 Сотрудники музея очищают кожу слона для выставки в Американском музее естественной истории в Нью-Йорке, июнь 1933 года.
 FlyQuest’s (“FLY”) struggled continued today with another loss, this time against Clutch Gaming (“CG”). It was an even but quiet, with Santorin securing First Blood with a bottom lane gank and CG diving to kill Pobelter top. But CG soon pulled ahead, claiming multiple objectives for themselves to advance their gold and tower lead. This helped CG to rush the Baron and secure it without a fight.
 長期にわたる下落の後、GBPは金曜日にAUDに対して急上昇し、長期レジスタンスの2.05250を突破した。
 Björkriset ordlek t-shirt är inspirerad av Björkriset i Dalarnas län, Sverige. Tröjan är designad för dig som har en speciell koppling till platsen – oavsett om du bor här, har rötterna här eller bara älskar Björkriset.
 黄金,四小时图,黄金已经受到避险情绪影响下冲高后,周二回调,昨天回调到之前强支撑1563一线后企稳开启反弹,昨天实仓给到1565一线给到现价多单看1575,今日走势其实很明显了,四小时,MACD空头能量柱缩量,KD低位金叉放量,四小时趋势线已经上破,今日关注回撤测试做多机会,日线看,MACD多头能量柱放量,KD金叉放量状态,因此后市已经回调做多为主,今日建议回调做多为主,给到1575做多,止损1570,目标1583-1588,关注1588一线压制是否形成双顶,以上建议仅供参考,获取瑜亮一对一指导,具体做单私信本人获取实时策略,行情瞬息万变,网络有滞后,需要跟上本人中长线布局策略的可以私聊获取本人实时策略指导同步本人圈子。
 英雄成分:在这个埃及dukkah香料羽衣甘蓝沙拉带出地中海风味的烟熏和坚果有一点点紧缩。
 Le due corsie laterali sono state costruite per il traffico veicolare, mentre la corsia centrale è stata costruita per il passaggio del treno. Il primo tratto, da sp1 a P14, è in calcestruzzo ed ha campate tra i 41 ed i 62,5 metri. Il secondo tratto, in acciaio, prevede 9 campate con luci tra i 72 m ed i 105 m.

Work order ▸ Please copy, exactly and with nothing else, the lines above beginning at the line that has "without a fight." and ending with the line that has "英雄成分:在这个埃及dukk".

Output of the task ▸
 FlyQuest’s (“FLY”) struggled continued today with another loss, this time against Clutch Gaming (“CG”). It was an even but quiet, with Santorin securing First Blood with a bottom lane gank and CG diving to kill Pobelter top. But CG soon pulled ahead, claiming multiple objectives for themselves to advance their gold and tower lead. This helped CG to rush the Baron and secure it without a fight.
 長期にわたる下落の後、GBPは金曜日にAUDに対して急上昇し、長期レジスタンスの2.05250を突破した。
 Björkriset ordlek t-shirt är inspirerad av Björkriset i Dalarnas län, Sverige. Tröjan är designad för dig som har en speciell koppling till platsen – oavsett om du bor här, har rötterna här eller bara älskar Björkriset.
 黄金,四小时图,黄金已经受到避险情绪影响下冲高后,周二回调,昨天回调到之前强支撑1563一线后企稳开启反弹,昨天实仓给到1565一线给到现价多单看1575,今日走势其实很明显了,四小时,MACD空头能量柱缩量,KD低位金叉放量,四小时趋势线已经上破,今日关注回撤测试做多机会,日线看,MACD多头能量柱放量,KD金叉放量状态,因此后市已经回调做多为主,今日建议回调做多为主,给到1575做多,止损1570,目标1583-1588,关注1588一线压制是否形成双顶,以上建议仅供参考,获取瑜亮一对一指导,具体做单私信本人获取实时策略,行情瞬息万变,网络有滞后,需要跟上本人中长线布局策略的可以私聊获取本人实时策略指导同步本人圈子。
 英雄成分:在这个埃及dukkah香料羽衣甘蓝沙拉带出地中海风味的烟熏和坚果有一点点紧缩。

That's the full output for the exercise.